In a typical compartment fire, fuel is present through compartment contents such as furnishings. Traditional compartments constructed from non-combustible materials will achieve burnout after the compartment contents have been consumed. In compartments with combustible construction, such as cross-laminated timber, the combustible linings will ignite, and under certain conditions, may continue to burn long after the compartment contents have been consumed, creating an additional fire risk.
This risk can be quantified through testing for conditions under which sustained burning will occur on multiple scales. This project has utilised bench-scale experimentation in the FPA to determine fundamental material parameters necessary to achieve auto-extinction. A heat transfer-based analytical approach has been developed in parallel to predict the burning behaviour based on well-defined boundary conditions.

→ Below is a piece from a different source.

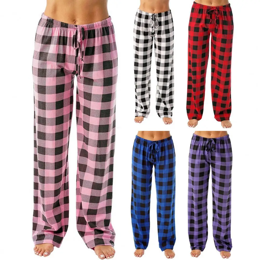 Long Pants Plaid Print Wide Leg Women's Pants with High Elastic Waist Breathable Pockets Casual Comfortable Long for Ladies
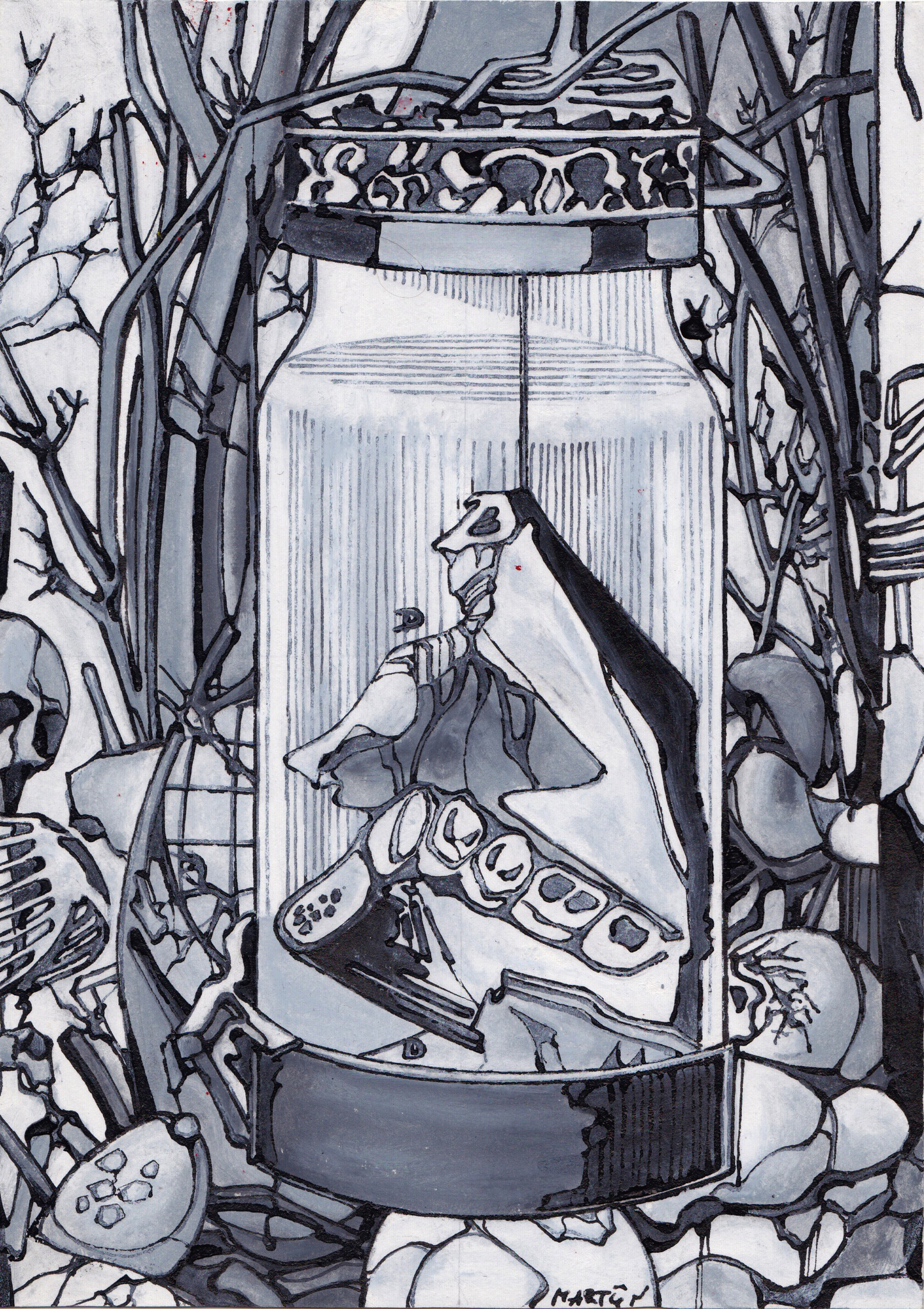 Tekening gebaseerd op een preparaat van de Nederlandse anatoom, zoöloog en botanicus Frederik Ruysch (1638 - 1731). Hij presenteerde zijn preparaten net als de anatomische tekeningen van Andreas Vesalius/ Jan Steven Kalkar als kunstwerken of lugubere composities, waardoor het onderscheid tussen kunst en wetenschap vervaagde.

Subsequent full-scale experiments undertaken in the BRE burn hall have demonstrated that this approach is valid for predicting auto-extinction of exposed cross-laminated timber surfaces within a compartment. Data from these experiments also allow exploration of charring rates of engineered timber in “real” fires, and subsequent consequences for load-bearing capacity; changes in compartment fire dynamics due to combustible linings; and the impact of external fire spread to adjacent structures. Alastair Bartlett’s PhD is supported by Arup and EPSRC through CASE Studentship 14220013, with generous additional funding for the full-scale compartment fire experiments from Arup.